Jim Kouri
Pakistani terrorists may launch more Mumbai-style attacks, says U.S. official
By Jim Kouri
Away from news reporters and cameras, U.S. counterterrorism and intelligence officials and experts are not as positive about existing conditions in Pakistan. For example, on Friday one U.S. government security official spoke of his concern over the growing power and strength of the Pakistani terrorist organization Lashkar-i-Taiba (LeT) — or Army of the Pure.
During his Senate testimony, Michael Leiter, the current Director of the National Counterterrorism Center warned a panel of senators that the LeT terrorist group have acquired capabilities to launch Mumbai-type attacks in Europe and the rest of the world.
Speaking before the U.S. Senate Committee on Intelligence, Leiter claimed to notice "some indicators that pointed to the LeT expanding its network beyond Pakistan."
On November 26, 2008 about a dozen armed terrorists attacked a number of targets throughout India.

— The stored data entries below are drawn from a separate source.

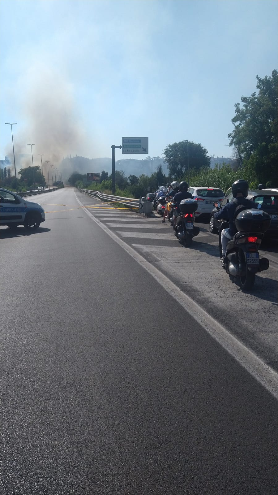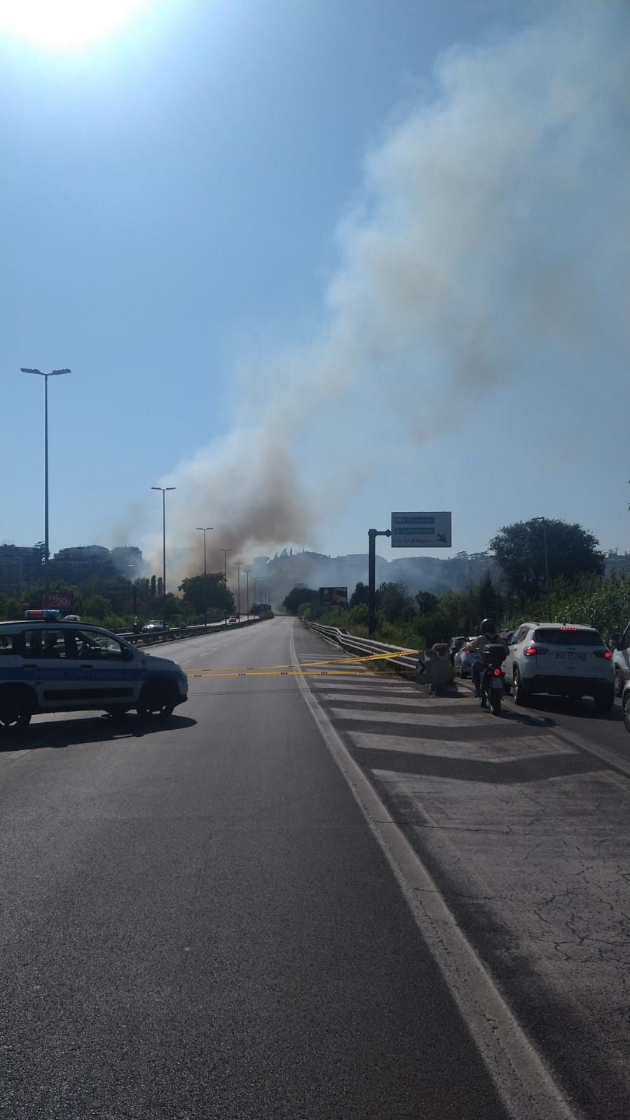 Poco fa l’ultimo rogo, in ordine di tempo. Un grosso incendio sta interessando la Tangenziale. L’Olimpica è invasa dal fumo e la strada è bloccata per un tratto.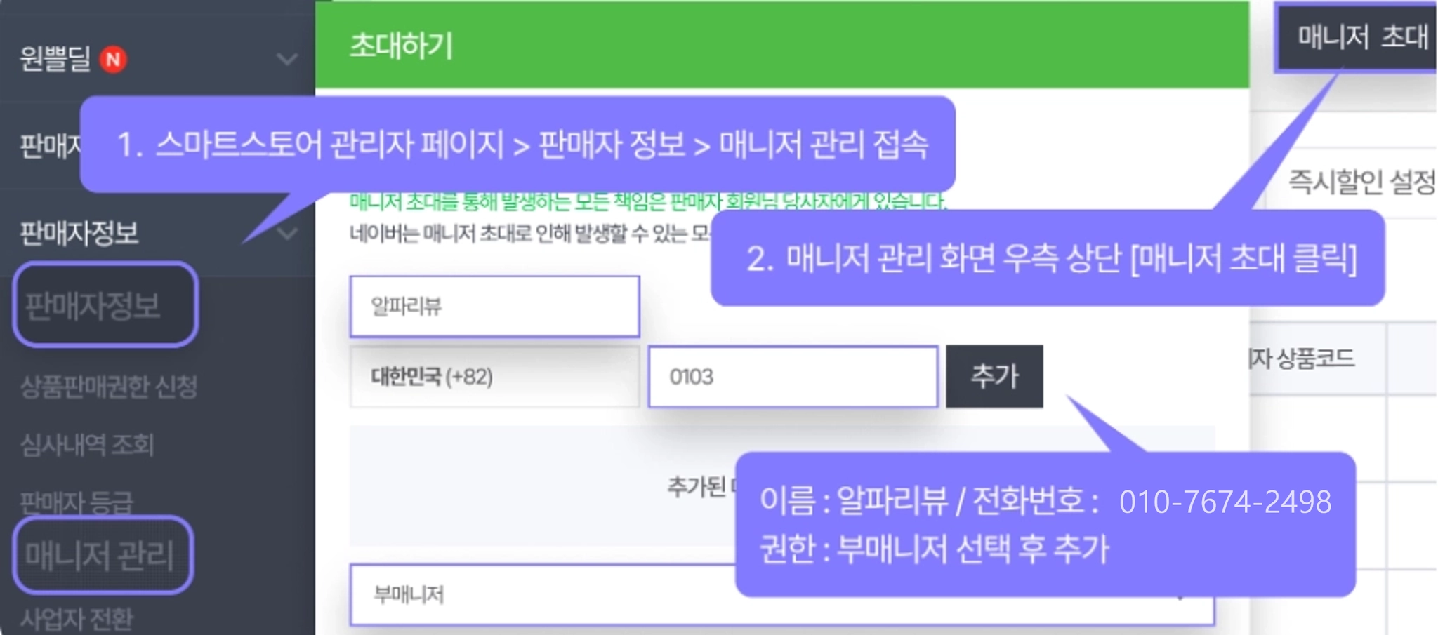 [스마트 스토어 관리자 페이지 > 판매자 정보 > 매니저 관리]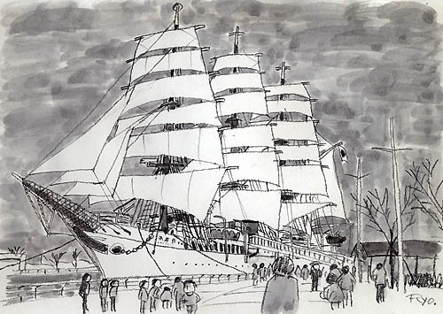 帆船日本丸 柳原 良平 2004年 ペン画 A4 YR001-G036 |

The assailants killed or wounded hundreds of innocent people. According to U.S. police sources, who responded to the crime scenes as observers, 200 people were killed in multiple, coordinated attacks, including 19 foreigners.
Three days later, Indian commandos ended an intense terrorist attack on the city of Mumbai, killing the terrorists who hid inside a luxury hotel that was the final battleground of a terrorist siege.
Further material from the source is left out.